How to Quickly Create and Run a Vehicle Counting Computer Vision App
In this guide, we’ll make an app that can count vehicles in real-time utilizing object counting, a technique used in computer vision that combines object detection and object tracking. Our final computer vision application will tell us how many objects of a specific kind are currently being detected in a video stream.
Our platform at alwaysAI provides a set of open source pre-trained models in our Model Catalog. The following example uses one of the starter models with a simple algorithm in order to achieve our goal. Let's walk through how we'll get there.
We can create our vehicle counting application by building upon the alwaysAI simple_object_counter starter app, which already has a lot of the functionality that we need.
First, install the alwaysAI CLI onto your development computer and then download all of the starter apps:
$ aai get-starter-apps
Now let’s try running the object counting app to see what it produces. If you're using Linux or Windows, you can run the app right on your computer, and if you use MacOS, you can run it on a supported edge device. We’re using MacOS with a Raspberry Pi for this example, so we’ll choose “Remote Edge Device” for the deployment option, and the default settings for the rest. Run the following commands and then click on the http://localhost:5000 link that appears in your terminal (after successfully starting the app) to open the Streamer window:
$ cd alwaysai-starter-apps/simple_object_counter
$ aai app deploy
$ aai app start
Point the camera at something the model has been trained to recognize (you can see this list in the app.py file of the starter app) such as “chair” or “person.” You should be able to see the counter detecting and tracking items in real time, and telling us how many items are currently being viewed by the camera.
Choosing a computer vision model
Although the current model has a few labels that could work for our purposes, we'll search for a computer vision model in the alwaysAI model catalog that has been trained to recognize additional types of vehicles. To do this, we can simply visit the catalog and enter various things that we want our model to recognize in the search box. Let’s type in “truck bus car motorcycle” to see what we get.
The first model that appears is the ssd_mobilenet_v1_coco_2018_01_28 model, and when I click “See more” I can see that the labels match our use case, since it can detect all four types of vehicles that we specified.
Adding the new model
Next, we’ll switch the model that we’re using in our app. To add the new model, run this command in the terminal:
$ aai app models add alwaysai/ssd_mobilenet_v1_coco_2018_01_28
And to remove the old model, run:
$ aai app models remove alwaysai/mobilenet_ssd
The second part of changing the model is to open the app.py file in the simple_object_counter starter app, and paste the new model in the code at the beginning of the function.

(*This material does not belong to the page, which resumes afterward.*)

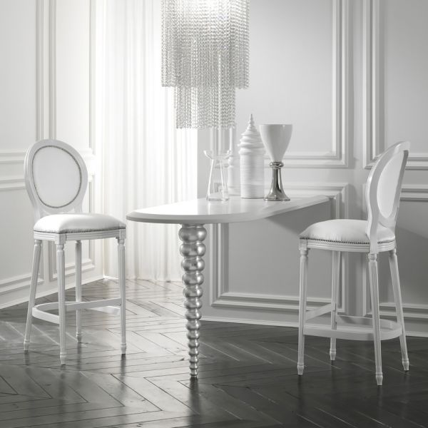 The High End Designer Italian High Gloss Dining Bar, ideal for small spaces still requiring a designer luxurious look. Shown here finished in white gloss with a feature single silver leaf leg.

def main(): obj_detect = edgeiq.ObjectDetection("alwaysai/mobilenet_ssd") obj_detect.load(engine=edgeiq.Engine.DNN)
def main(): obj_detect = edgeiq.ObjectDetection("alwaysai/ssd_mobilenet_v1_coco_2018_01_28") obj_detect.load(engine=edgeiq.Engine.DNN)
We’ll also change the list of objects to the labels we want our application to recognize.
OBJECTS = ["person", "chair", "sofa", "pottedplant"] def main(): obj_detect = edgeiq.ObjectDetection("alwaysai/mobilenet_ssd") obj_detect.load(engine=edgeiq.Engine.DNN)
OBJECTS = ["car", "truck", "bus", "motorcycle"] def main(): obj_detect = edgeiq.ObjectDetection("alwaysai/mobilenet_ssd") obj_detect.load(engine=edgeiq.Engine.DNN)
After making these changes, we’ll need to set up our Pi camera so that it’s pointing at some vehicles, and then deploy and run the app again to see what we get.
$ aai app deploy
$ aai app start
You should now be able to see our updated app correctly identifying and reporting the number of vehicles in view of the camera.
We’ve walked through a simple example of building upon the alwaysAI object counter starter app by changing the model and the application code. This example application could be repurposed to count many different types of objects, depending on the intended use case.
Creating a working application that incorporates computer vision is easier than ever before with the software provided by alwaysAI, which gives developers access to pre-trained computer vision models along with basic starter applications for various tasks, including object detection, image classification, pose estimation and more — simplifying what was previously an arduous and lengthy process for developers. We can’t wait to see what you build with alwaysAI!